Сам посол очень мало ел, большею частью лакей подносил ему блюдо для того лишь, чтобы он мог посмотреть, «правильно ли оно приготовлено», говорили мы смеясь – и уносил его обратно в кухню, если за столом не находился кто-нибудь из молодых секретарей, с наслаждением уплетавший за обе щеки изысканные творения повара-француза.
Кроме этого повара и двух его помощников, были у Остен-Сакена собственные домашние булочник и кондитер и целый сонм лакеев. Даже если он обедал один, чего он очень не любил, посол иначе как во фраке к обеду не выходил.
На первый же обед, на который мы были приглашены в посольство, мы опоздали на несколько минут. Когда я вошла в гостиную, вставший мне навстречу посол во всеуслышание сказал:
– За границей не принято опаздывать.
Как мне ни неприятно было это замечание, пошло оно мне впрок, и я приучилась минута в минуту являться на приглашения.

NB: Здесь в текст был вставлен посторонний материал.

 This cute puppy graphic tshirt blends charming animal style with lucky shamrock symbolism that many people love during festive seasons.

Граф Остен-Сакен очень любил, когда мы все – и дамы и мужчины – навещали его. Он всегда говорил, что мы его семья, и действительно и журил, и баловал он нас чисто по-отечески.
Посол в то время был уже очень стар и весьма берег свое здоровье, выезжая из дому зимой лишь в экстренных случаях. Бывало это или когда ему приходилось ехать во дворец, или при проезде через Берлин императрицы Марии Федоровны.

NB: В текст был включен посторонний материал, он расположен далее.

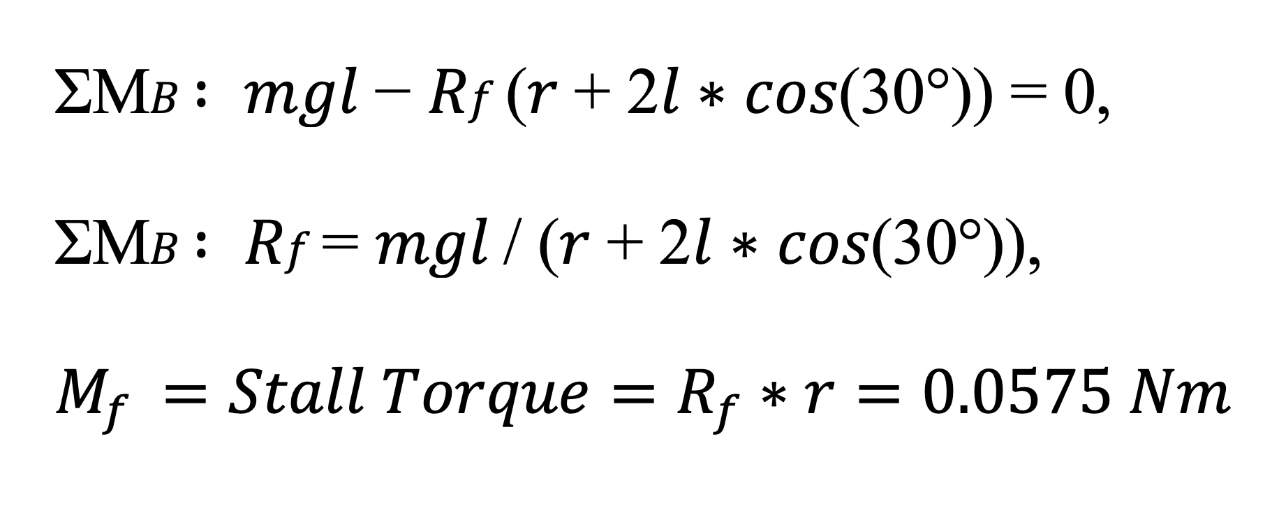 The first step to selecting a motor is to identify the required power - a function of both torque and rpm. A free body diagram was used to find the reaction force Rf in a worst case scenario. Subsequently the moment Mf was able to be identified as the stall torque. A healthy safety factor used to avoid the motor from stalling.

Императрица очень любила старика и всегда весело улыбалась, видя из окна вагона типичную фигуру с поднятым воротником, держащую носовой платок перед ртом и носом.
Император Вильгельм тоже очень ласково относился к Остен-Сакену, любил подолгу с ним беседовать и, если встреча происходила где-нибудь на открытом воздухе, подойдя к нему, шутя еще выше подымал его воротник и запрещал ему говорить на морозе.
Помню, как посол раз после приема во дворце говорил мне:
– Искусству разговаривать с высочайшими особами нужно научиться.
Помню, как нас, молодых дипломатов, учили старики в начале моей карьеры. Ведь представьте себе, до чего трудно, скучно и утомительно высочайшим особам задавать бесконечное число вопросов. Вот тут и надо уметь ответить. А именно – ваш ответ непременно должен содержать в себе тему для следующего вопроса. Помните это правило. Нас даже заставляли в этом упражняться.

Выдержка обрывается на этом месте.